Ashabi also felt independent franchisees made better gasoline dealers than distributors that own dozens of stations. He said several gas stations in South Jersey closed down after ExxonMobil sold a bunch of them, along with others in Pennsylvania, to a distributor.

The new legislation, however, aims to treat big and small distributors differently. An amendment inserted in the bill exempts gasoline distributors that own 40 or fewer service stations from offering their independent franchisees the first right of refusal. Benton estimated that roughly one-third of the 3,000 gas stations in the state would be exempt if the bill becomes law.

“That is a quite a big exemption … a very uneven exemption,” Benton said.

Risalvato felt small distributors ought to be treated on par with independent franchisees, adding that many of them have 15 locations apiece. “Small distributors are struggling — they are our friends,” he said.

Next battle with Big Oil

Sal Risalvato is bracing to engage Big Oil in another fight. His association wants to re-group several independent gas dealers that might eventually own their stations to negotiate better prices from their distributors.
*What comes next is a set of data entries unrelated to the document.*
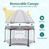 Removable Canopy & Padded Floor Mat: The playpen features a removable canopy made of durable oxford fabric and breathable mesh, offering sun protection and good ventilation. In the middle of the playpen is a padded floor mat, filled with soft sponge, which makes children feel more comfortable when playing in the playpen.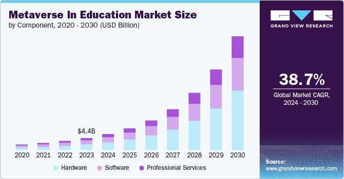 According to GrandViewResearch, the global metaverse in the education market is growing fast, reaching about USD 4.38 billion in 2023 and expected to hit USD 41.62 billion by 2030, with a strong annual growth rate of 38.7%. This growth is fueled by the rising demand for interactive, hands-on learning, and advancements in virtual and augmented reality.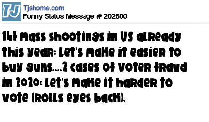 X is 147 mass shootings in US already this year: let's make it easier to buy guns....2 cases of voter fraud in 2020: let's make it harder to vote (rolls eyes back).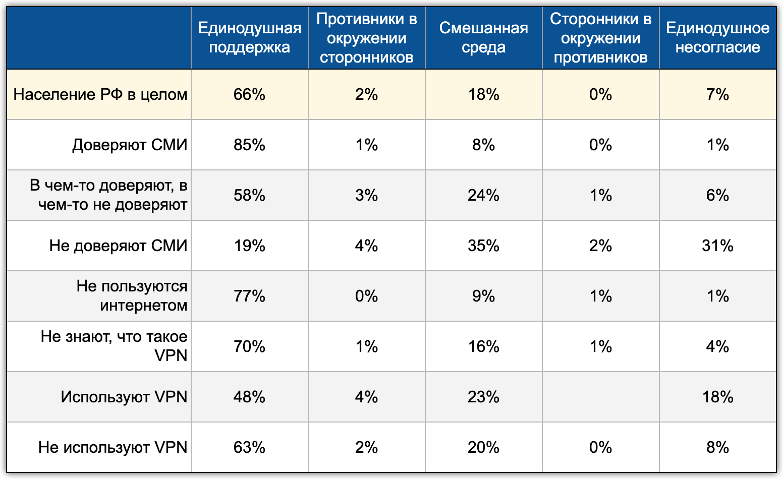 Однако неверно понимать это как чистую победу госСМИ. Во многом достигнутый успех стал возможен благодаря закрытию целого ряда негосударственных СМИ. И те россияне, кто недоволен нынешней политикой, утоляет свой информационный голод, обходя воздвигнутые государством ограничения в интернете с помощью VPN. Больше всего сторонников войны, пребывающих в окружении единомышленников, среди тех, кто интернетом не пользуется. Меньше всего таковых среди пользователей VPN. Они же чаще всего единодушно возражают против военных действий.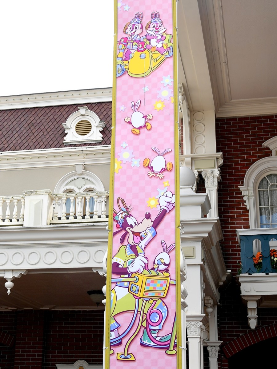 メインパレード『うさたま大脱走!』に登場するミッキーたちがデザインされたバナーが飾り付けられています。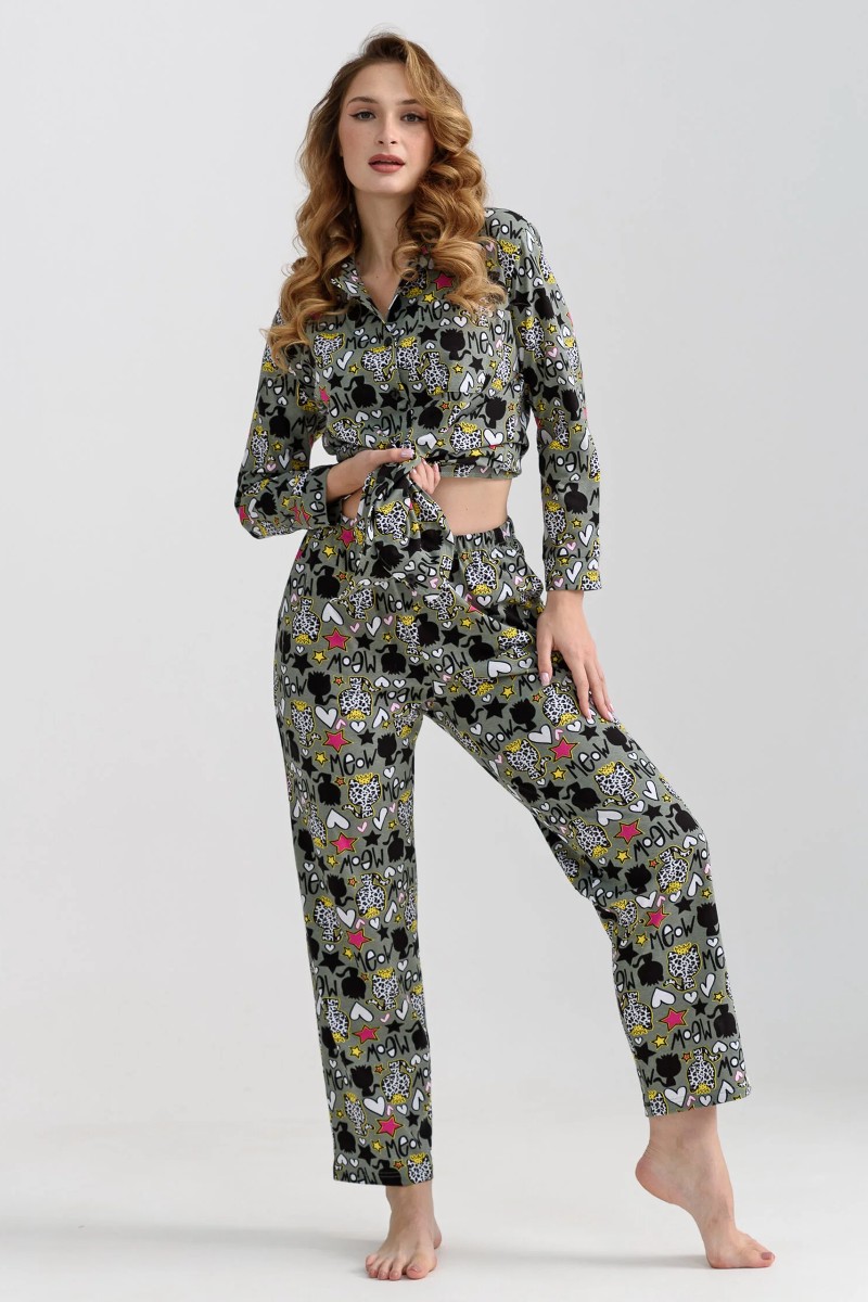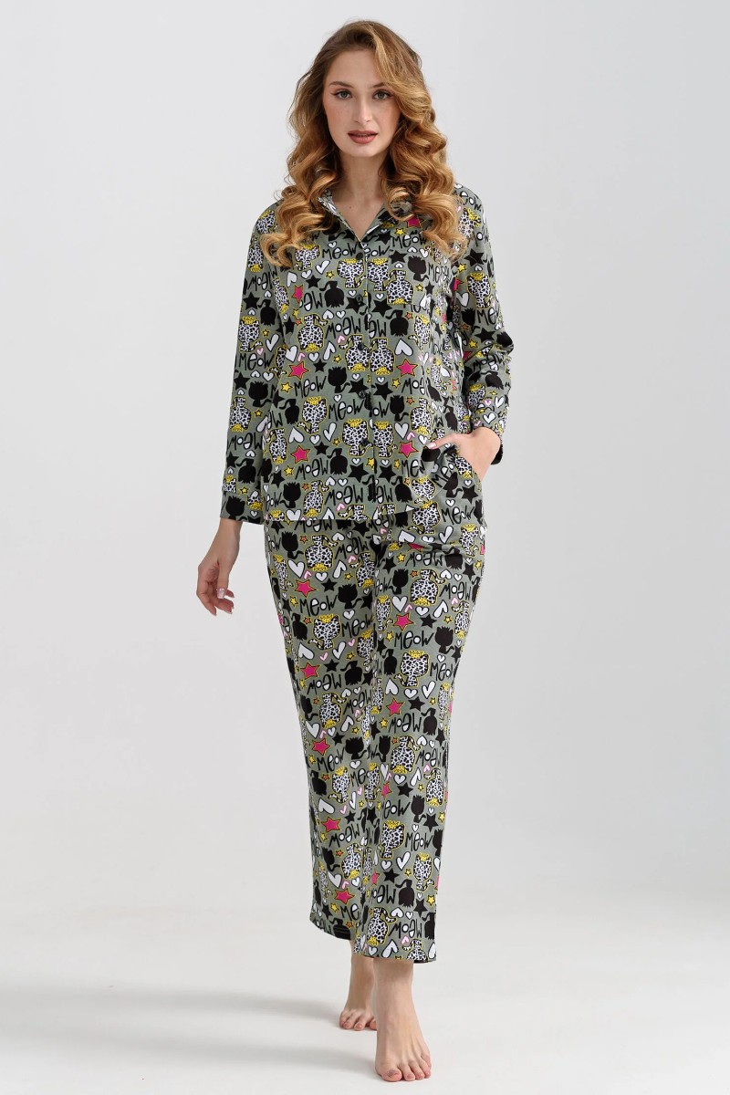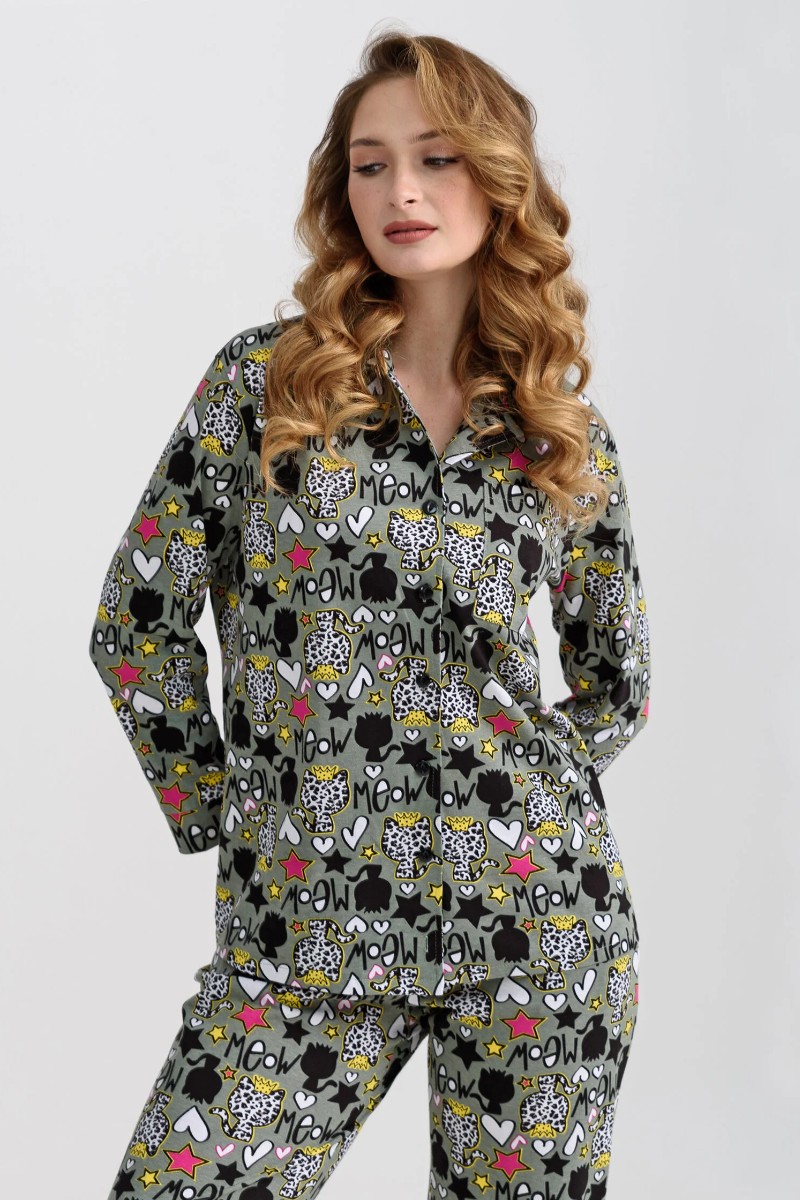Пижама женская "Мяу" 2271-К трикотаж (последний размер) зеленый 48,50,52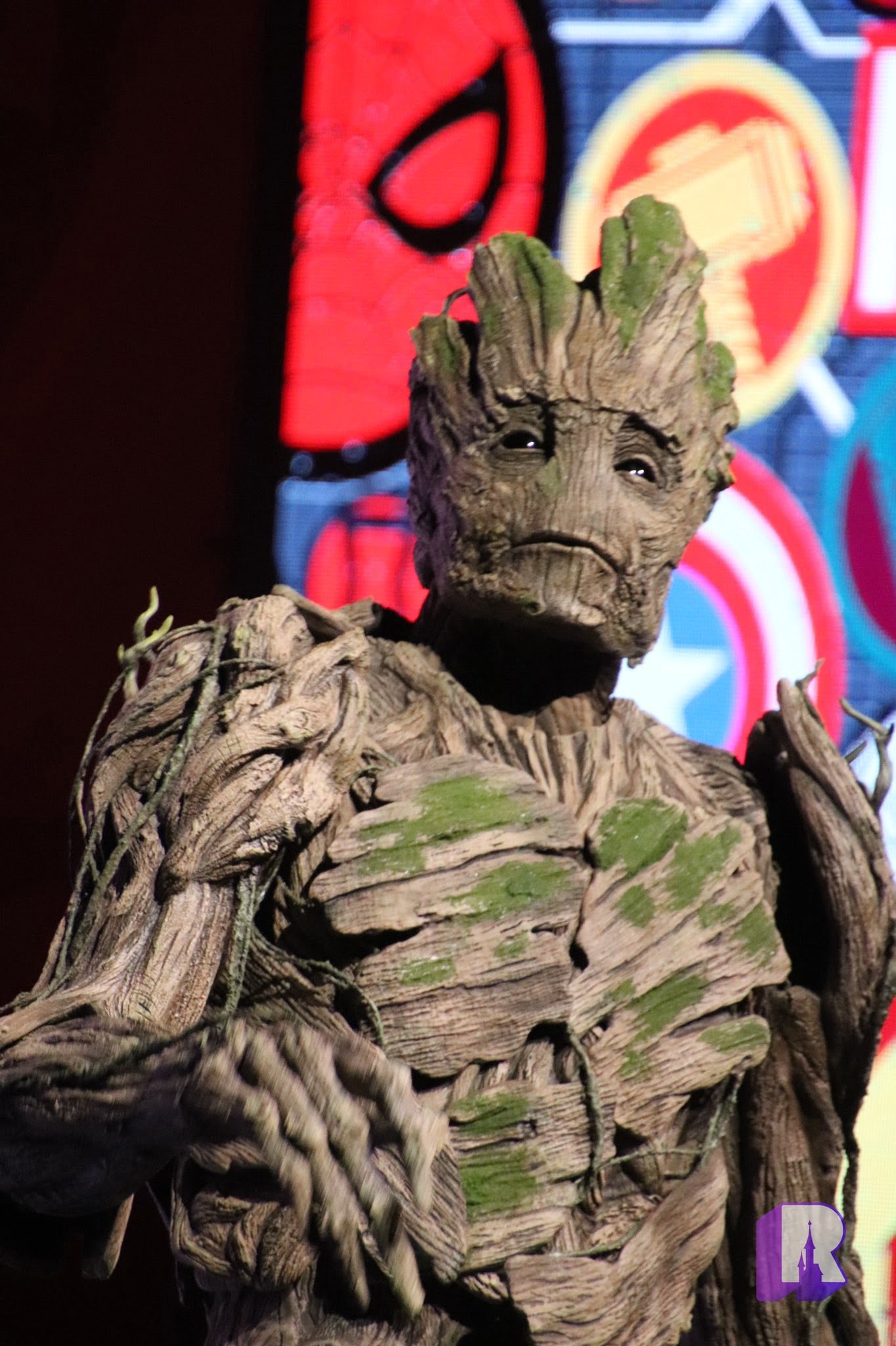 This week, Studio Theater welcomed Groot as part of the Marvel meet and greet. Groot only comes out for a few minutes between sets by other heroes. This is likely a test for Avengers Campus and Groot will only be there on select days, but it’s great to see him nonetheless!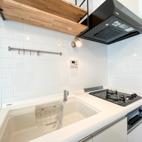 クロスとキッチンタイルは清潔感のある白を使用。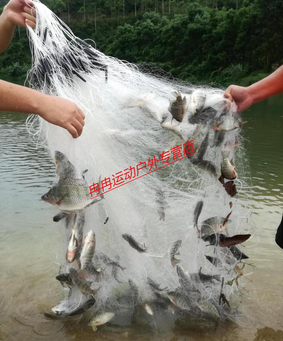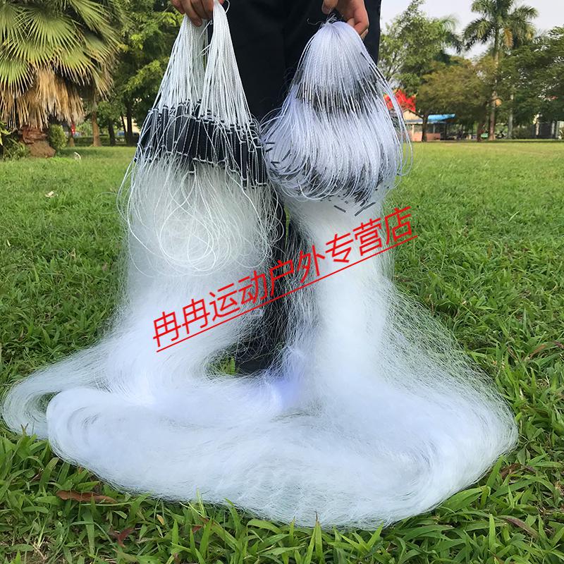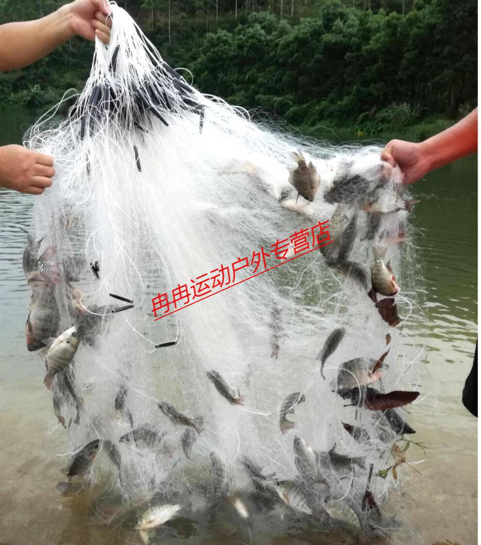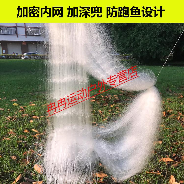 Zhizhou upgraded version of encrypted fishing net fish net three-layer wire mesh fishing hanging sub-net 1 finger white strip sticky fish weighted sinking net brand encrypted three-layer 1.2 meters high 50 meters long 4 finger sinking net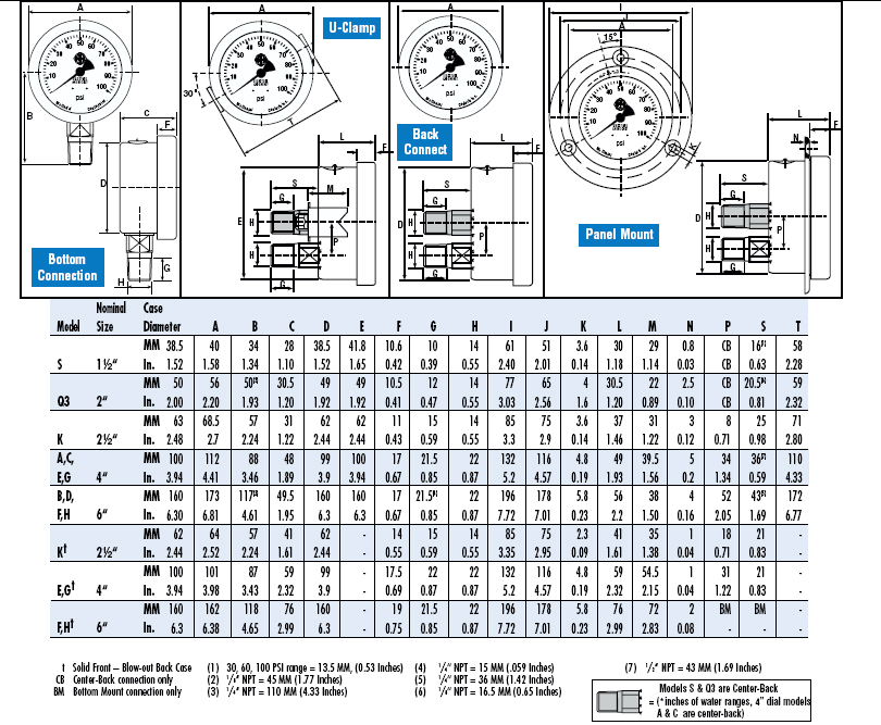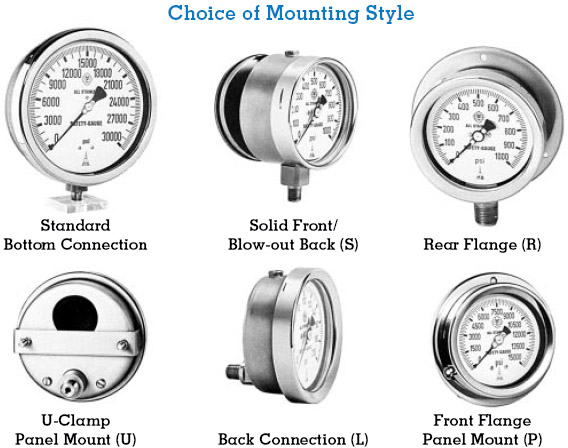 B = psi/Bar(dual scale) K = psi/kPa(dual scale) O = O?(cleaned for oxygen service) S = Solid front/blow-out back (2?", 4” & 6” gauges only) |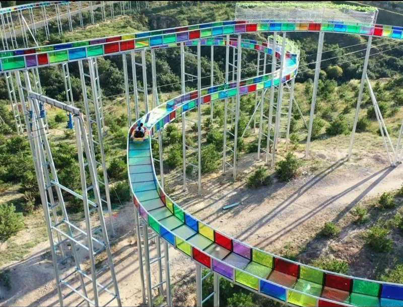 2. 玻璃水滑道是个大型的户外游乐设备,它承载量大,并且有一定高度配合,常年在户外经受风吹日晒。因此,除了滑道本体需要精心挑选外,滑道的配件设施也必须选用耐高温,防腐蚀的材质。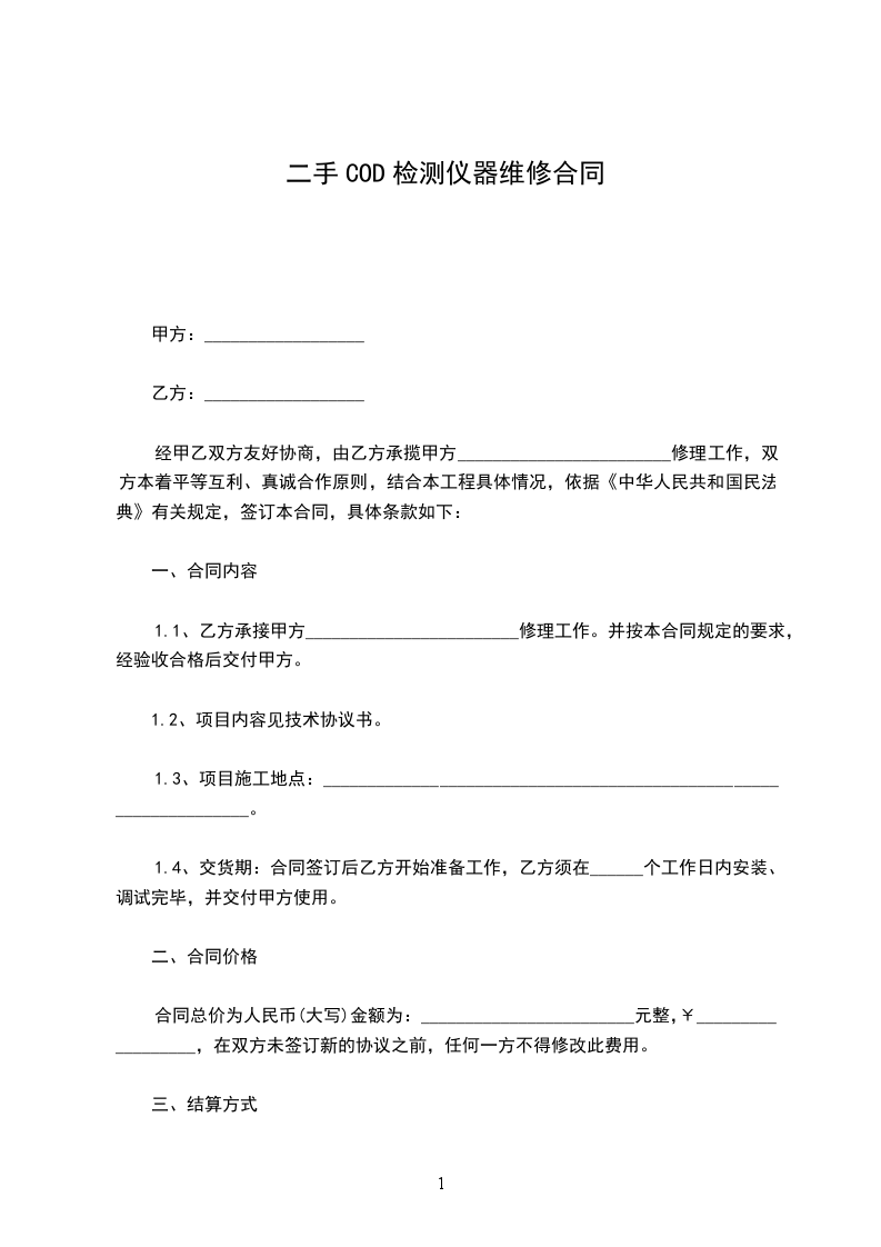1.1、乙方承接甲方________________________修理工作。并按本合同规定的要求,经验收合格后交付甲方。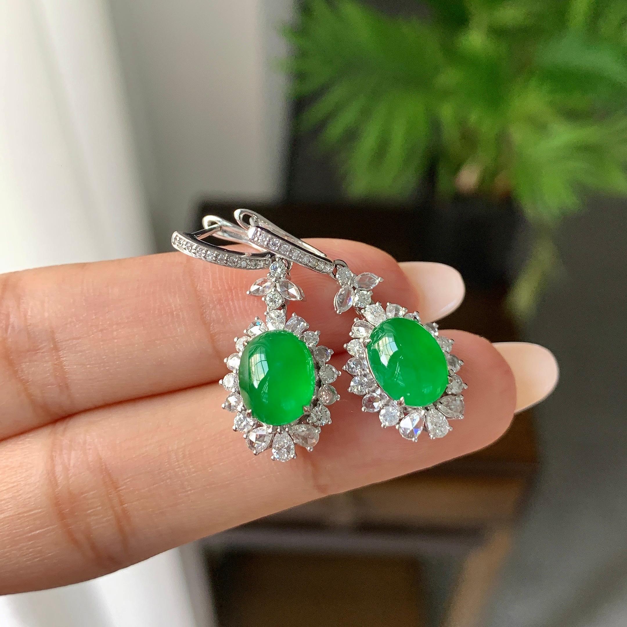18K金钻镶冰种满绿蛋面耳环(yc187318)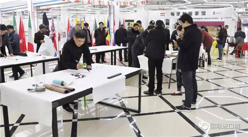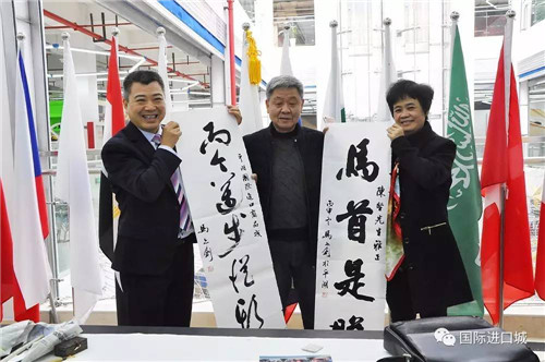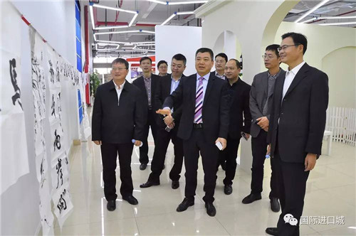 温州市政协代表团一行首先听取了进口城工作人员对进口城的相关介绍,在进口城工作人员的陪同下,先后参观了平湖国际进口商品城专业市场国家馆、德国小镇男女品牌服饰馆、进口工艺品馆及进口皮鞋馆。对进口城有了初步了解后,政协代表团一行来到了进口城专业市场二楼开始了即兴书画创作。

Currently, dealers buy their supplies from ExxonMobil at rates fixed in a so-called “zone pricing” structure, allowing them margins averaging 13.5 cents a gallon, according to Ebbie Ashabi, an ExxonMobil franchisee.

The New Jersey Gasoline, C-Store and Automotive Association wants to change that to a system where the distributors “will have to compete for our business,” Risalvato said. James Benton, of the New Jersey Petroleum Council, said he wasn’t aware of such a move, but that his association’s member companies would “consider the issue” when it is presented to them.